# Fica/Figa (Ragazza Bellissima)



## Zio Gilito

Salve a tutti,
Vorrei sapere qual'è più usato (quando parliamo di belle ragazze) y además, si es formal... ¿se ofendería el padre si le dijeran de su hija que es "veramente una figa"?
A proposito, ci si puo usare queste parole con bambine, o è irrespettoso?


----------



## 0scar

Fica significa coño. 
Sacá tus propias conclusiones.


----------



## o-nami

Zio Gilito said:


> Salve a tutti,
> Vorrei sapere qual'è più usato (quando parliamo di belle ragazze) y además, si es formal... ¿se ofendería el padre si le dijeran de su hija que es "veramente una figa"? *sì*
> A proposito, ci si puo usare queste parole con bambine, o è irrespettoso?

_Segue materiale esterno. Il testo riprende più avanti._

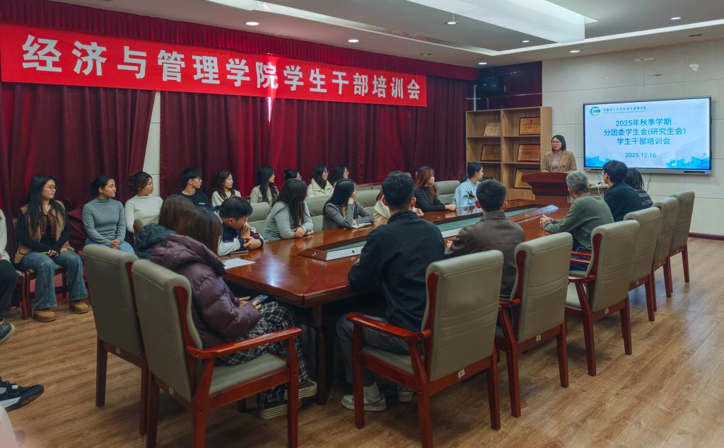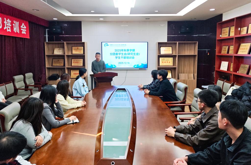 为强化学生干部责任意识、提升综合素养,夯实工作根基,12月16日,美加墨世界杯官方网站在通明楼329会议室召开了以“淬炼能力强担当,凝心聚力启新程”为主题的2025年秋季学期学生会(研究生会)学生干部培训会。分团委书记王怀主持会议,学院党委副书记关婷受邀开展专题培训,全体学生干部参会。

No, non si può usare con le bambine... 
Sì, è irrispettoso. 
Figa non è però sempre considerato così "pesante" come termine. Però se non sei madrelingua ti sconsiglio di usarlo...  Puoi dirlo fra amici... :"quella è proprio figa!!". Ma solo fra amici. Maschi.
Ciao!


----------



## gatogab

Zio Gilito, ahora que sabes de qué se trata, compara estas dos frases:
Che bella ragazza!!!
Che bella fica!!!...dove fica sarebbe l'organo sessuale femminile.
Ma c'è anche:
Che bel fico!!!, riferito ai maschietti, dove _'fico'_ sarebbe uno dei frutti della "*higuera, el higo"*


----------



## irene.acler

Evidentemente, como ya han dicho los demás, el término no es formal.
¡El padre creo que se ofendería bastante si le dijeran eso a su hija! Y con las niñas, ¡eso nunca, eh!


----------



## elena73

Zio Gilito said:


> Salve a tutti,
> Vorrei sapere qual'è più usato (quando parliamo di belle ragazze)
> 
> Dipende dalle inclinazioni personali e probabilmente regionali. In  Toscana la versione più 'tradizionale' è fico/fica (fiGa è un termine da  noi 'importato' credo dal nord Italia). Sicuramente figa ha il  vantaggio di suonare un po' meglio (per via del fatto a cui si riferiva  Oscar).
> c'è una canzone di Lucio Dalla che dice proprio 'la tua amica quella alta, grande fica'
> Poi dipende anche un po' dal caso... io per esempio direi:
> Luca a Marco (ma anche se Luca parlasse con una donna che Luca conosce  molto bene): "Certo che Sara è proprio figa!! Che classe...", "Sara è  una grandissima figa".  (con la G).
> 
> Però nell'espressione "fare la figa/fare la fica" da me si usa anche molto la forma 'fare la fica' (con la C).
> 
> y además, si es formal... ABSOLUTAMENTE NO
> 
> ¿se ofendería el padre si le dijeran de su hija que es "veramente una figa"? Eso que creo que quieres intentarlo...
> A proposito, ci si puo usare queste parole con bambine, o è irrespettoso?
> oh. Gesù NO


----------



## ursu-lab

Bisogna aggiungere che si può dire anche:
"è proprio figo/figa", per riferirsi a una cosa/situazione.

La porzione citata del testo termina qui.